3. Naquela ação, o Reclamante, tal qual os demais Autores da referida ação plúrima, postulou o pagamento de verbas rescisórias, multas dos arts. 467 e 477, férias em dobro, ticket alimentação, condenação subsidiária da PETROBRAS e honorários advocatícios.

4. Essencialmente, todos esses pedidos foram reproduzidos na presente ação.

5. Vale destacar que na ação n° 0001159-88.2014.5.17.0001 não foi proferida qualquer decisão, razão pela qual imperioso o acolhimento da litispendência ora arguida.

6. Ainda, cumpre ressalvar que, em razão da prevenção do Juízo da 5a VT/Vitória, que recebeu anteriormente a ação n° 0001056-69.2014.5.17.0005 movida pelos mesmos 9 (nove) Reclamantes, mas que foi extinta sem exame do mérito, em razão da determinação de desmembramento da ação plúrima em ações individuais, foi a acima mencionada ação n° 0001159-88.2014.5.17.0001, recebida para processamento pela 5a VT/Vitória, por prevenção.

7. Contudo, caso entenda esse r.
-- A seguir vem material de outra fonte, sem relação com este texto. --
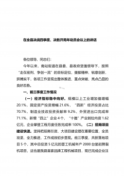在全县决战四季度、决胜开局年动员会议上的讲话各位领导,同志们:今年以来,南站街道在县委、县政府坚强领导下,按照“走在前列、争创一流”的目标定位,提振精神、锐意创新、拼搏实干,各项工作呈现出整体推进、重点突破、亮点凸显的良好态势。一、前三季度工作情况(一)经济指标稳中向好。规模以上工业增加值增幅20.1%,固定资产投资增幅21.6%,“四新”经济投资占比70.7%,制造业技改投资贡献率9.2%,外贸进出口完成率71.1%,新增“四上”企业4个,“十强”产业到位内资1.62亿元,企业攀登工程月度任务完成率100%。(二)招商项目建设快速。坚持把招商引资、大项目建设摆在重要位置,全员攻坚、全力推进,...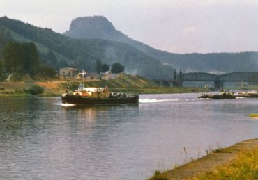 Elbe bei Bad Schandau, im Hintergrund die alte Straßen- und Eisenbahnbrücke und der Lilienstein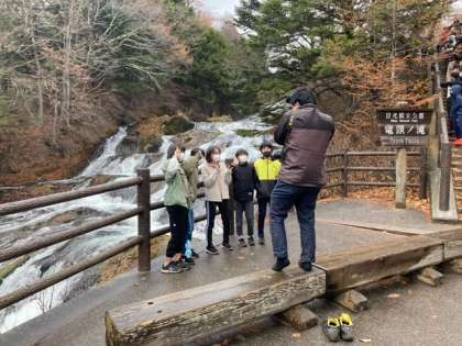 竜頭の滝を見学しました。雨は何とか上がっています。この後、ホテルへ向かいます。

Juízo não ser o caso de litispendência, imperiosa se revela a reunião das referidas ações, até mesmo para que não haja decisões conflitantes em relação aos mesmos temos e, ainda, pagamento em duplicidade, em manifesto enriquecimento sem causa.

8. Dessa fora, ad cautelam , na hipótese de ser entendido por esse r. Juízo não ser o caso de litispendência - o que absolutamente não crê a ora Reclamada e que só se admite por amor ao debate -, argui, sucessivamente, a prevenção daquele Juízo da 5a VT/Vitória , por ter recebido primeiro a ação movida pelo Autor, ainda que como litisconsorte ativo em ação plúrima.

9. Como será mais adiante exposto, a necessidade de reunião das ações é medida que se impõe, até mesmo porque foi constatada por aquele r. Juízo a existência de fraude pela propositura de ações diversas por vários ex-empregados, que está merecendo a devida investigação por parte daquele diligente r. Juízo da 1a VT/Vitória, com a participação do MPF, Delegacia de Defraudações, OAB /ES, Sindicato, dentre outros.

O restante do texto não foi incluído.